= Index set (computability) =

Classes of partial recursive functions

In computability theory, index sets describe classes of computable functions; specifically, they give all indices of functions in a certain class, according to a fixed Gödel numbering of partial computable functions.

==Definition==
Let $\varphi_e$ be a computable enumeration of all partial computable functions, and $W_{e}$ be a computable enumeration of all c.e. sets.

Let $\mathcal{A}$ be a class of partial computable functions. If $A = \{x \,:\, \varphi_{x} \in \mathcal{A} \}$ then $A$ is the index set of $\mathcal{A}$. In general $A$ is an index set if for every $x,y \in \mathbb{N}$ with $\varphi_x \simeq \varphi_y$ (i.e. they index the same function), we have $x \in A \leftrightarrow y \in A$. Intuitively, these are the sets of natural numbers that we describe only with reference to the functions they index.
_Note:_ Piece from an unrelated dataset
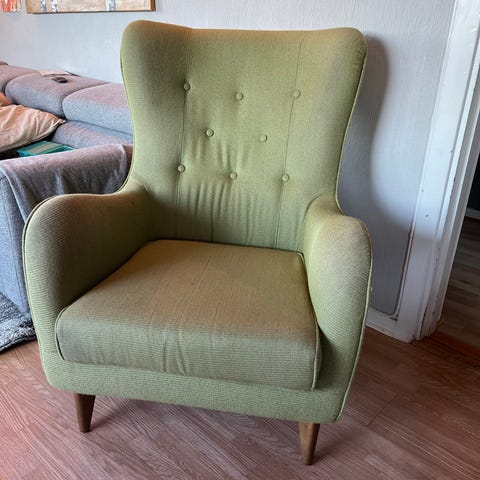 Lenestol, romslig og behagelig.

==Index sets and Rice's theorem==
Most index sets are non-computable, aside from two trivial exceptions. This is stated in Rice's theorem:

Let $\mathcal{C}$ be a class of partial computable functions with its index set $C$. Then $C$ is computable if and only if $C$ is empty, or $C$ is all of $\mathbb{N}$.
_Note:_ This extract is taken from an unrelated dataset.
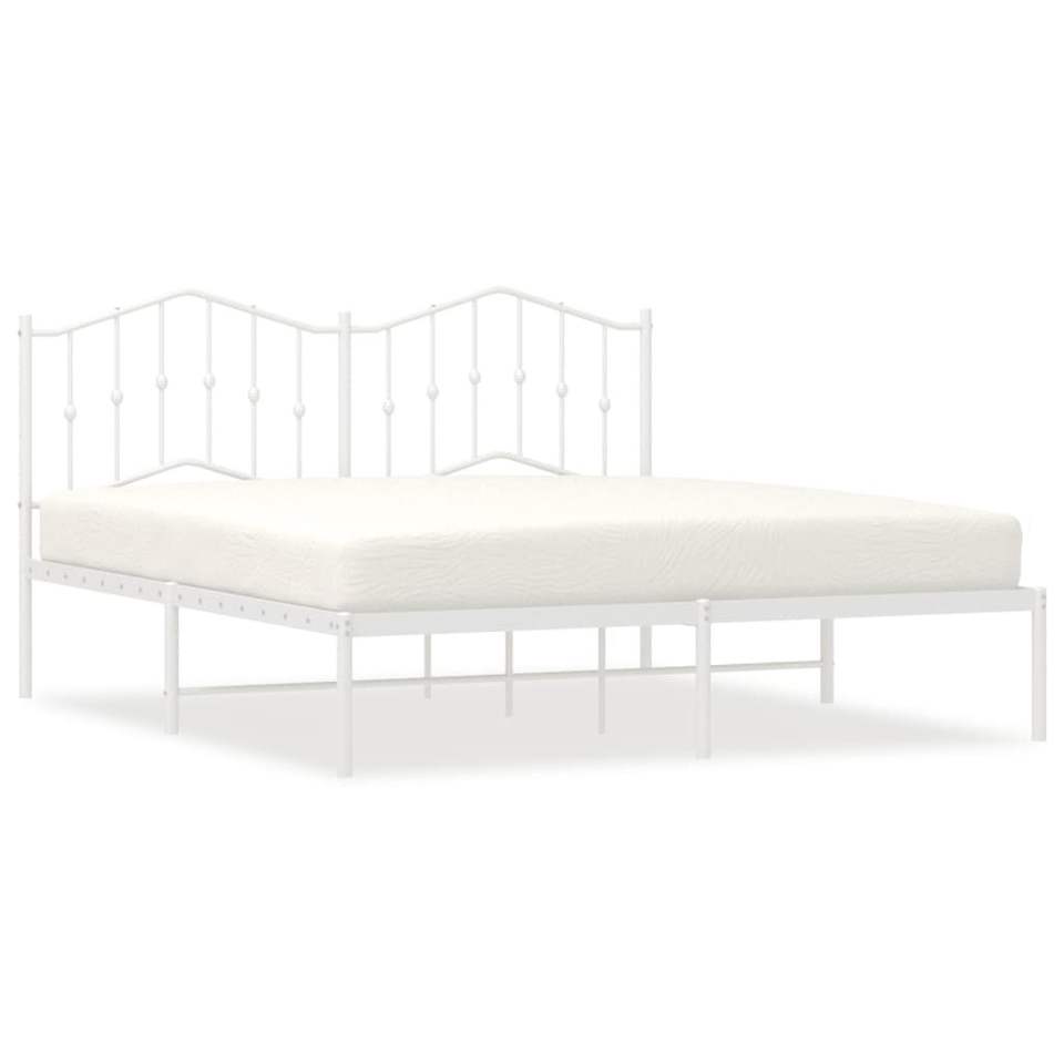 Base de Cama Moderna Rectangular de Acero Blanco de 72 x 84 Pulgadas, Camas Metálicas Contemporáneas

Rice's theorem says "any nontrivial property of partial computable functions is undecidable".

== Completeness in the arithmetical hierarchy ==
Index sets provide many examples of sets which are complete at some level of the arithmetical hierarchy. Here, we say a $\Sigma_n$ set $A$ is $\Sigma_n$-complete if, for every $\Sigma_n$ set $B$, there is an m-reduction from $B$ to $A$. $\Pi_n$-completeness is defined similarly. Here are some examples:

- $\mathrm{Emp} = \{ e \,:\, W_e = \varnothing \}$ is $\Pi_1$-complete.
- $\mathrm{Fin} = \{ e \,:\, W_e \text{ is finite} \}$ is $\Sigma_2$-complete.
- $\mathrm{Inf} = \{ e \,:\, W_e \text{ is infinite} \}$ is $\Pi_2$-complete.
- $\mathrm{Tot} = \{ e \,:\, \varphi_e \text{ is total} \} = \{ e : W_e = \mathbb{N} \}$ is $\Pi_2$-complete.
- $\mathrm{Con} = \{ e \,:\, \varphi_e \text{ is total and constant} \}$ is $\Pi_2$-complete.
- $\mathrm{Cof} = \{ e \,:\, W_e \text{ is cofinite} \}$ is $\Sigma_3$-complete.
- $\mathrm{Rec} = \{ e \,:\, W_e \text{ is computable} \}$ is $\Sigma_3$-complete.
- $\mathrm{Ext} = \{ e \,:\, \varphi_e \text{ is extendible to a total computable function} \}$ is $\Sigma_3$-complete.
- $\mathrm{Cpl} = \{ e \,:\, W_e \equiv_\mathrm{T} \mathrm{HP} \}$ is $\Sigma_4$-complete, where $\mathrm{HP}$ is the halting problem.

Empirically, if the "most obvious" definition of a set $A$ is $\Sigma_n$ [resp. $\Pi_n$], we can usually show that $A$ is $\Sigma_n$-complete [resp. $\Pi_n$-complete].